Microfluidic PCR is generally defined as PCR in chambers with the dimensions being very small, for example between a range of 500 and 0.5 μm. There are microfluidic systems with various heating systems such as zone heating, external heaters, integrated resistors, Joule heating, and infrared radiation, but those systems require external detection. That means that at the end of the reaction, some of the sample has to be physically removed from the PCR chamber and analyzed externally from the system by means such as gel electrophoresis or capillary electrophoresis. Examples of work of this type are described in Cheng et al. Nucleic Acids Res, 24(2), p. 380-5 (1996); Kopp and Manz, Science, 280(5366) p. 1046-8 (1998); Oda Anal Chem, 70(20), p. 4361-8 (1998); and Chen et al. Anal Chem, 77(2): p. 658-66 (2005). A system requiring external detection would be incompatible with real-time detection functions because such a system would require removal of a large part of the PCR reaction solution for external measurements.
Another detection method uses optical detection, which involves intercalating dyes such as SYBR Green (see Rasmussen et al., Biochemica, 1998(2): p. 8-111998), or fluorogenic probes such as Taqman probes (see Kalinina, O., et al., Nucleic Acids Res, 25(10), p. 1999-2004 (1997); Belgrader, P., et al., Science, 284(5413), p. 449-50 (1999); Belgrader, P., et al. Anal Chem, 75(14), p. 3446-50 (2003); and Northrup, M. A., et al., Anal Chem, 70(5), p. 918-22 (1998)). SYBR Green dye is a highly specific, double-stranded DNA binding dye for detecting DNA product as it accumulates during PCR cycles. Although both detection methods can be used in a real-time PCR amplification, a distinction between the intercalating dye and the Taqman probe techniques is that the intercalating dye detection method is not specific. It will detect all double-stranded DNA, including non-specific PCR products such as primer-dimer formations. For this reason PCR amplification with an intercalating dye often requires a melting curve analysis to distinguish between a desired PCR product and non-specific PCR amplification.

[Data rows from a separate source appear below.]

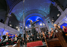 U nedelju, 22. aprila u Kolarčevoj zadužbini od 20h nastupiće pijanista Matija Dedić, Kvartet saksofona Signum i Vojvođanski simfonijski orkestar pod dirigentskom palicom Timoti Redmonda. U okviru prvog dela koncerta naći će se kompozicije: U gradu, tri plesne epizode Leonarda Bernštajna i Ritam Amerike, za kvartet saksofona i orkestar Boba Mincera. Drugi deo programa činiće kompozicije Rapsodija u plavom i Porgi i Bes - simfonijske slike, Džordža Geršvina, a time se obeležava i 120 godina od rođenja ovog čuvenog umetnika.
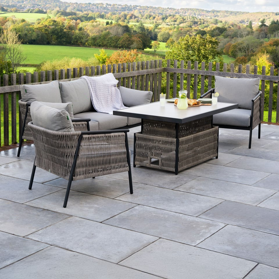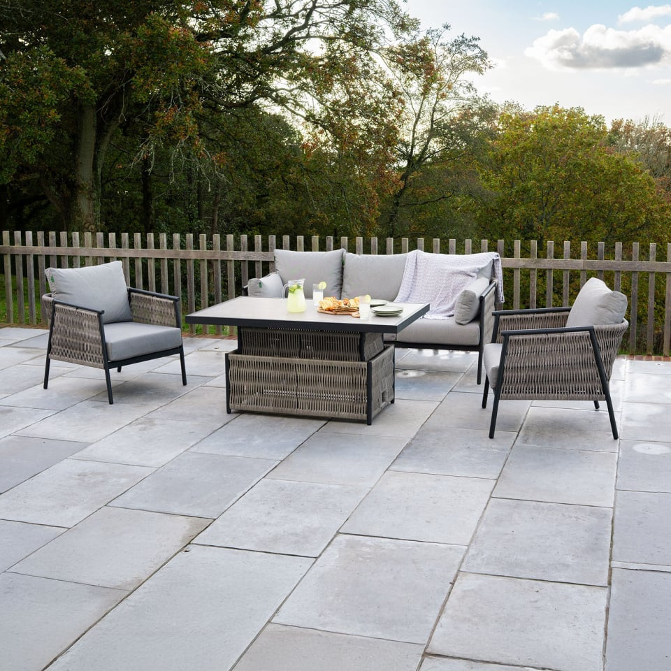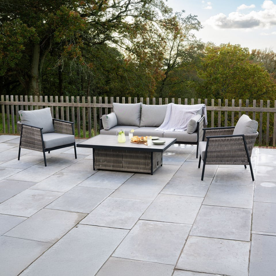 This sofa and armchair design allows you to position the set how you want, whether that's sofa one side and armchairs the other, or armchairs at the ends of the table. It's however it best suits your garden and patio layout.
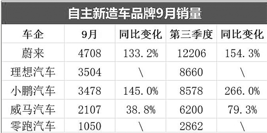無論口水怎么戰(zhàn),銷量是檢驗(yàn)口舌的最好工具。今年9月,造車新勢(shì)力們的表現(xiàn)令人刮目相看。9月造車新勢(shì)力總計(jì)銷量超過14000輛,相比8月份漲了一倍還多,9月銷量可以用“暴增”來形容也一點(diǎn)不為過。蔚來暫處桿位,9月銷量為4708輛,第三季度共實(shí)現(xiàn)銷量12206輛,成為造車新勢(shì)力今年以來首個(gè)銷量破萬車企。
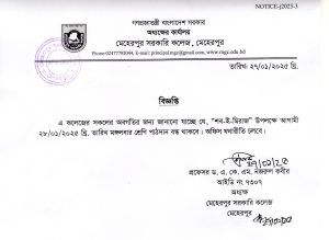 ‘শব-ই-মিরাজ’ উপলক্ষে শ্রেণি পাঠদান বন্ধ সংক্রান্ত নোটিশ
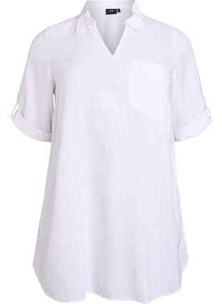 Tuniek met kraag en V-hals, borstzak, korte mouwen met omslag en zijzakken. De tuniek heeft een losse en comfortabele A-lijn pasvorm en is gemaakt van een zachte en ademende mix van linnen en viscose met een lichte textuur, waardoor deze comfortabel is en ideaal voor warme dagen.
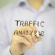 Man, Businessman, entrepreneur, freelancer, software engineer, programmer writes on transparent wall : Traffic Analysis
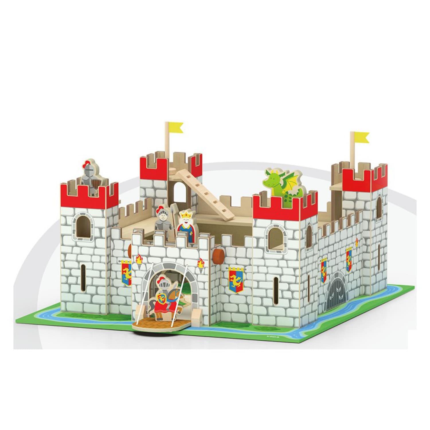 تحتوي هذه القلعة الخشبية المصممة تصميما جيدا على تفاصيل حقيقية ، والتي تحتوي على 4 أبراج ، وجسر مرقاب واحد ، واثنين من الأعلام ، وسلالم و 5 أشكال (الملك والفارس والتنين ). أسفل الألواح اللغز 9 قطع. لوضع هذه القلعة على الأطفال اللوح يمكن أن يدعي كل من يريد ورواية القصص. يشجع الآباء والأمهات بشدة على لعب هذه القلعة مع الأطفال وقد تسهم في تحسين قدرات الأطفال على تحسين قدراتهم الاجتماعية.
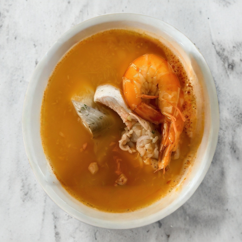 1 l de caldo de robalo Con camarón grande con cabeza y posta de robalo, Acompañado con cebolla blanca, Cilantro, Habanero, Limón y tortillas
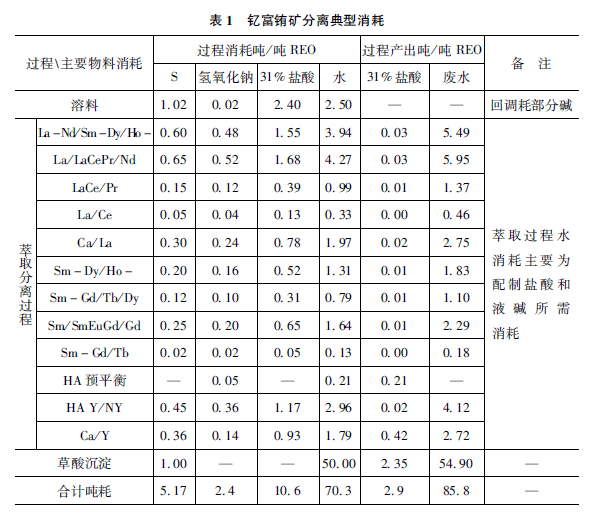 從目前的稀土分離基本工業(yè)流程,不難注意到,各段工藝間相對獨立,過程中消耗酸堿等化工原料和水,最終處理后作為廢水排放。以中憶富鋪稀土原料分離為例,典型試劑消耗如表1,每分離提純1噸稀土氧化物,消耗10噸左右的鹽酸、2. 4噸燒堿等化工材料,產生85噸廢水,其中含鹽量6. 8噸。

In contrast, the Taqman probe PCR detection method is highly specific because the generation of fluorescent signal depends on the specific hybridization between the probe and the desired PCR product. However, the Taqman probe PCR detection method requires, unlike SYBR Green dye, synthesizing individual probes for different sequences, is constrained by the limitation of fluorescent dyes that can be used for probe labeling (limited by the number of different color dyes, for example), and needs expensive reagents.
An alternative detection method for PCR is to perform an electrophoretic DNA size separation of the reaction products. This allows the desired reaction product to be identified separately from all other sources of DNA or contaminants. Many microfluidic PCR systems with external detection involve DNA sizing, either on a gel or by capillary electrophoresis, because it is specific and does not require target-specific probe synthesis.